* Task requirements *
Would you output the listing exactly, with every image omitted?

* Dataset section *
• • •

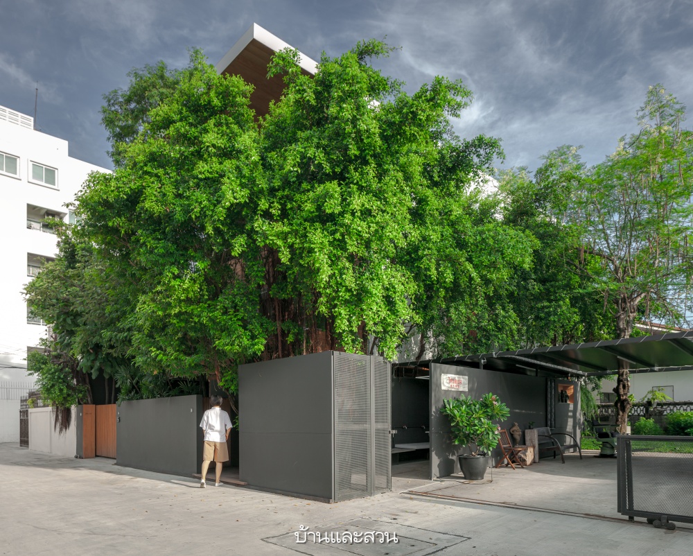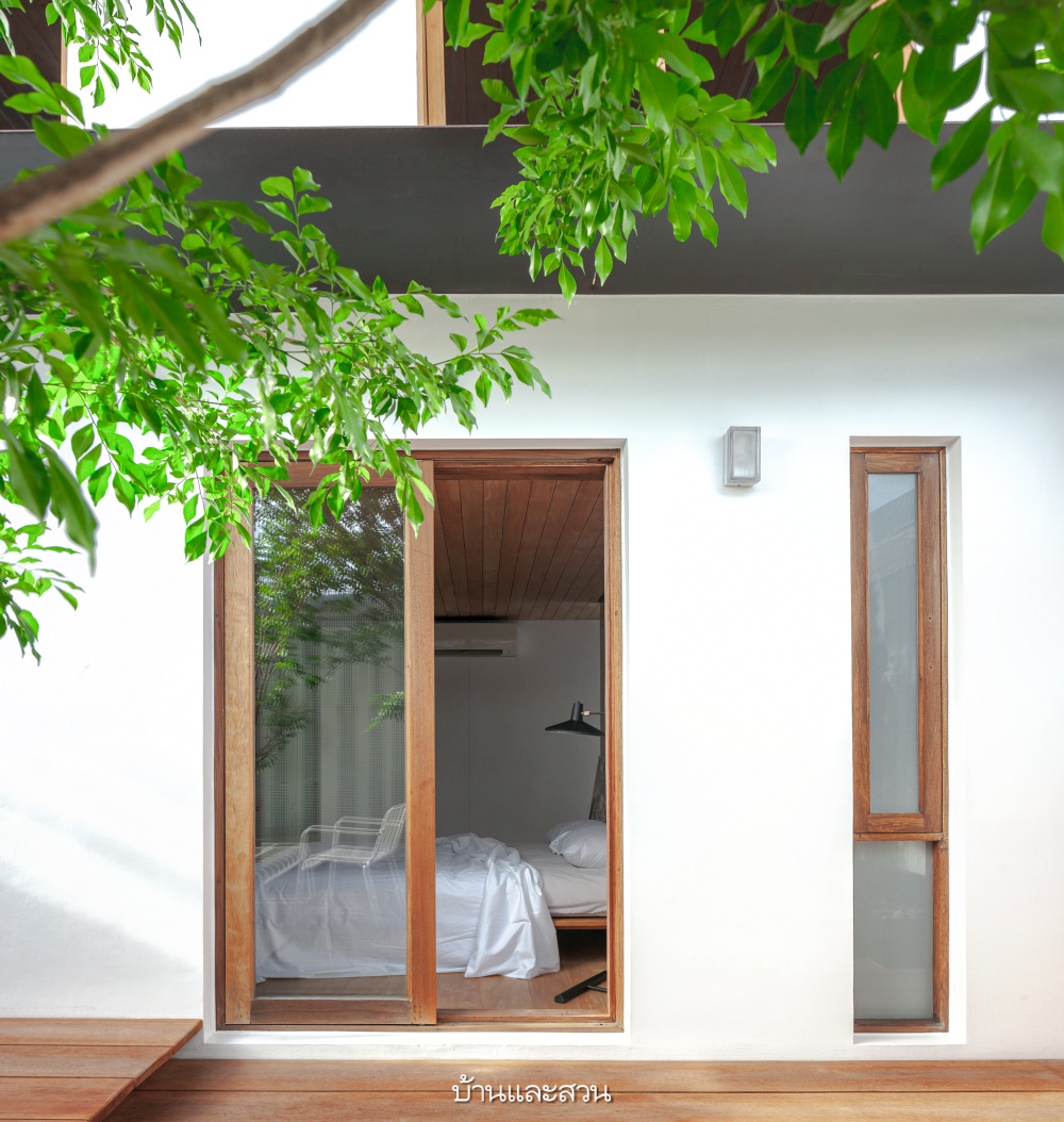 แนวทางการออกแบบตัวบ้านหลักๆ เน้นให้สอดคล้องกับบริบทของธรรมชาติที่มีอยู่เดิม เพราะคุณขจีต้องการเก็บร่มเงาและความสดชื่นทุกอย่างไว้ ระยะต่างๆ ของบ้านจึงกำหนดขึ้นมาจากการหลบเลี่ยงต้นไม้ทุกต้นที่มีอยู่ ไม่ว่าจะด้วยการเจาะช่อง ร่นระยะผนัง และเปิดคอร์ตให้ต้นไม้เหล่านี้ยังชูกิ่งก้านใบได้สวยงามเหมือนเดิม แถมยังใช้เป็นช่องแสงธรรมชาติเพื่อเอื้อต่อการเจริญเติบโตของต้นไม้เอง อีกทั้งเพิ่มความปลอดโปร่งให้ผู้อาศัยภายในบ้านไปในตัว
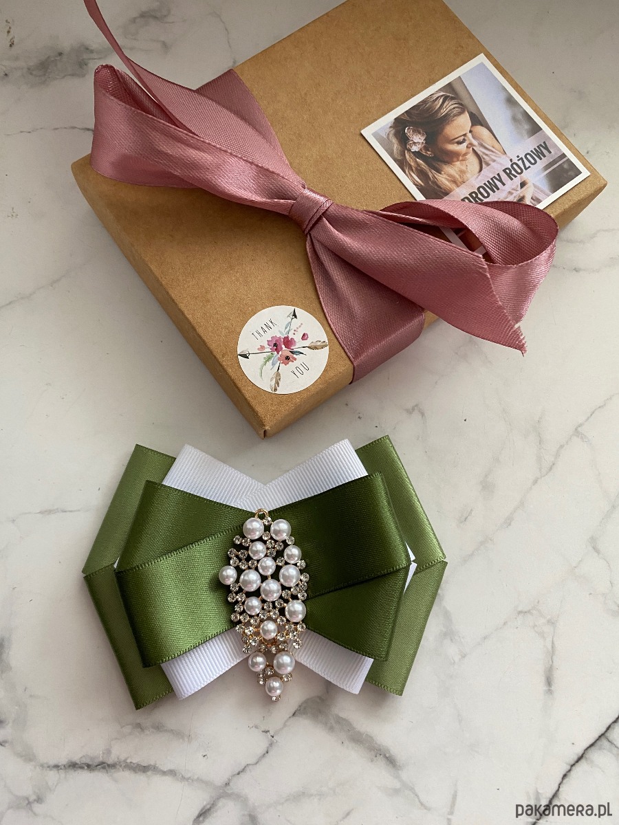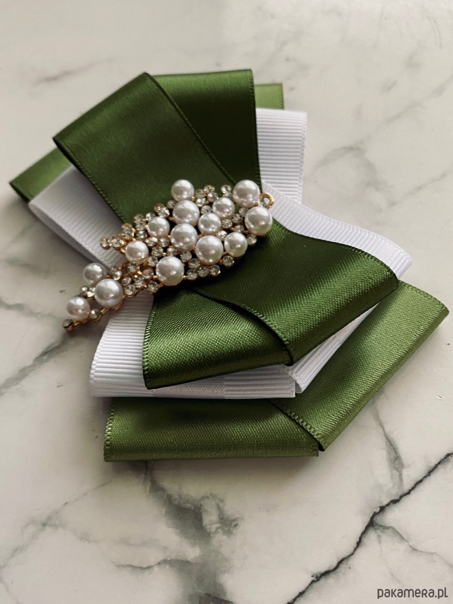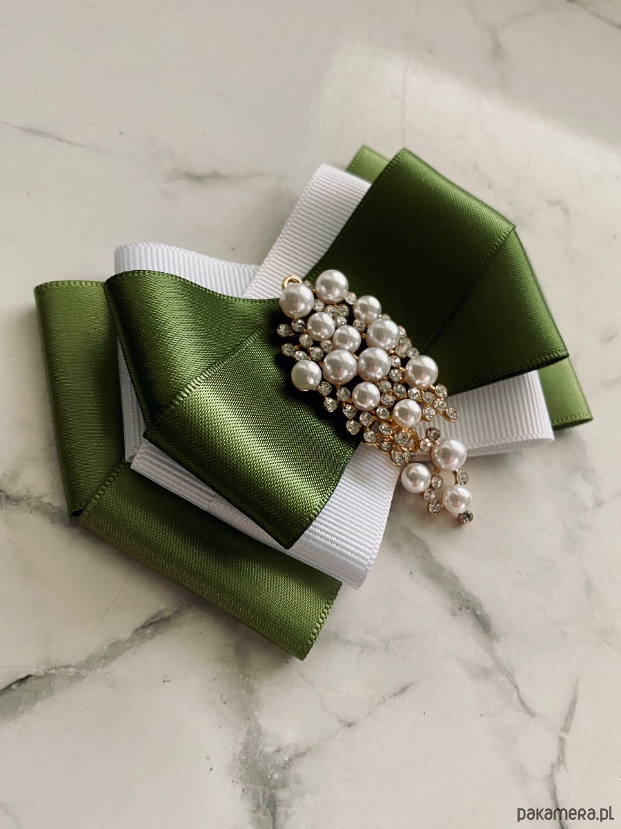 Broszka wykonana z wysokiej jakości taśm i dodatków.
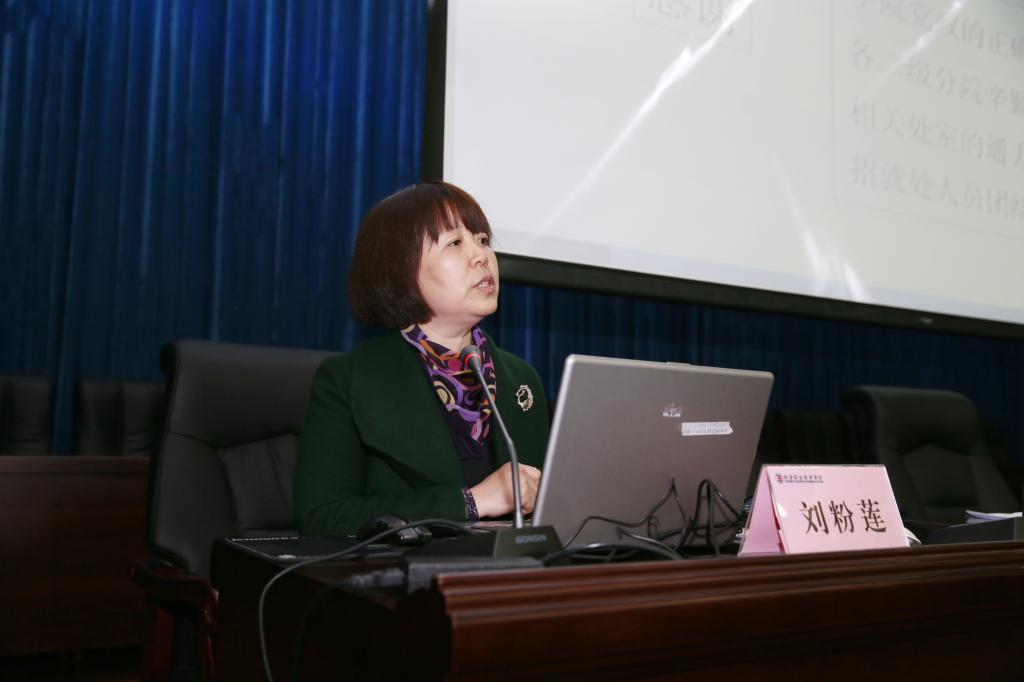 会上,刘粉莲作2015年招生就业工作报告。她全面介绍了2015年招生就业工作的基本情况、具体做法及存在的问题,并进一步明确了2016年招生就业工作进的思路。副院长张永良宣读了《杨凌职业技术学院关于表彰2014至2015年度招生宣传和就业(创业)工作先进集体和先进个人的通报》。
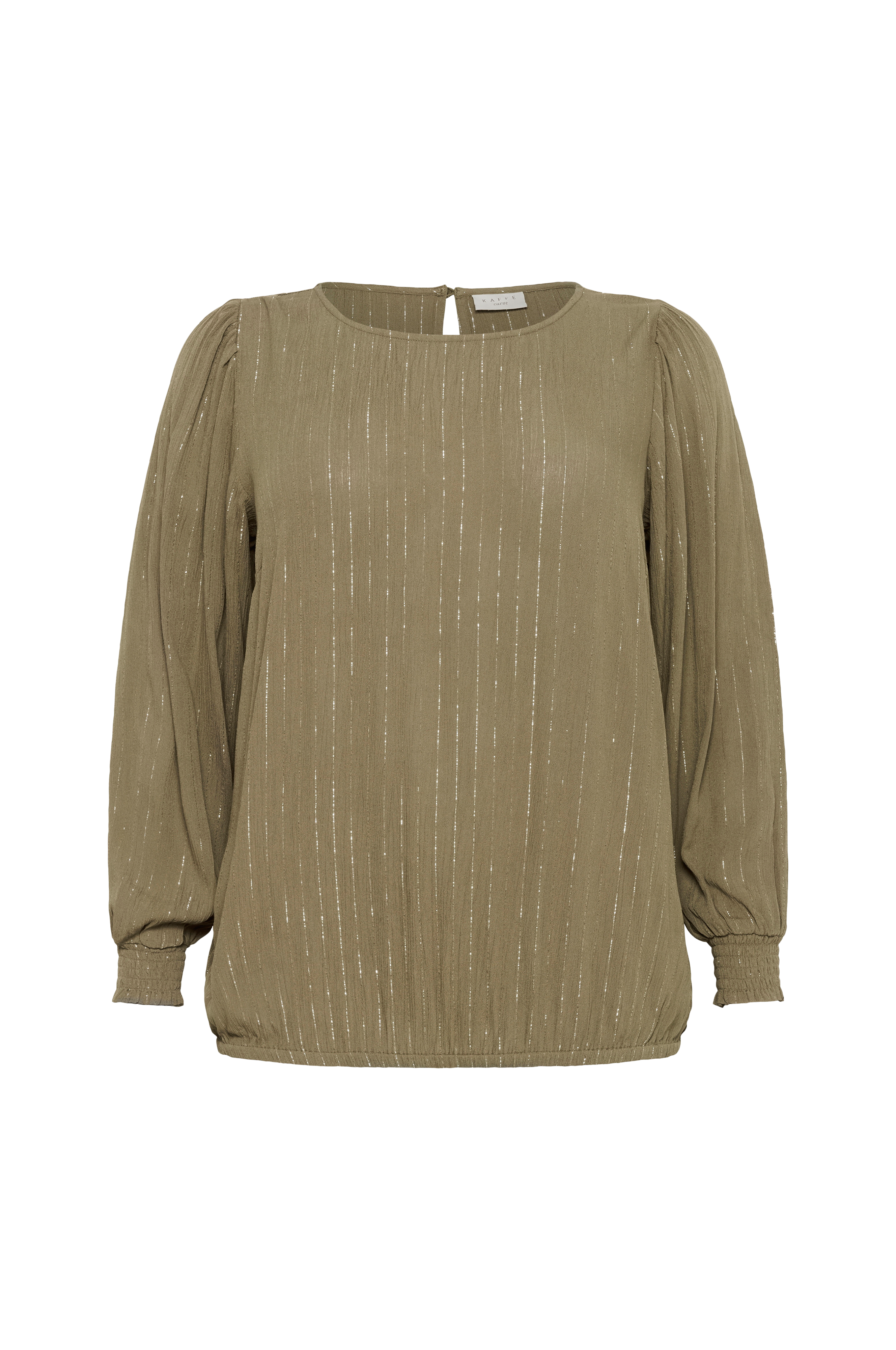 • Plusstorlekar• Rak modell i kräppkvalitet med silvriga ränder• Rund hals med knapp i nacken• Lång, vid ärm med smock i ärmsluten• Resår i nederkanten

• • •

* Your response *
 แนวทางการออกแบบตัวบ้านหลักๆ เน้นให้สอดคล้องกับบริบทของธรรมชาติที่มีอยู่เดิม เพราะคุณขจีต้องการเก็บร่มเงาและความสดชื่นทุกอย่างไว้ ระยะต่างๆ ของบ้านจึงกำหนดขึ้นมาจากการหลบเลี่ยงต้นไม้ทุกต้นที่มีอยู่ ไม่ว่าจะด้วยการเจาะช่อง ร่นระยะผนัง และเปิดคอร์ตให้ต้นไม้เหล่านี้ยังชูกิ่งก้านใบได้สวยงามเหมือนเดิม แถมยังใช้เป็นช่องแสงธรรมชาติเพื่อเอื้อต่อการเจริญเติบโตของต้นไม้เอง อีกทั้งเพิ่มความปลอดโปร่งให้ผู้อาศัยภายในบ้านไปในตัว
 Broszka wykonana z wysokiej jakości taśm i dodatków.
 会上,刘粉莲作2015年招生就业工作报告。她全面介绍了2015年招生就业工作的基本情况、具体做法及存在的问题,并进一步明确了2016年招生就业工作进的思路。副院长张永良宣读了《杨凌职业技术学院关于表彰2014至2015年度招生宣传和就业(创业)工作先进集体和先进个人的通报》。
 • Plusstorlekar• Rak modell i kräppkvalitet med silvriga ränder• Rund hals med knapp i nacken• Lång, vid ärm med smock i ärmsluten• Resår i nederkanten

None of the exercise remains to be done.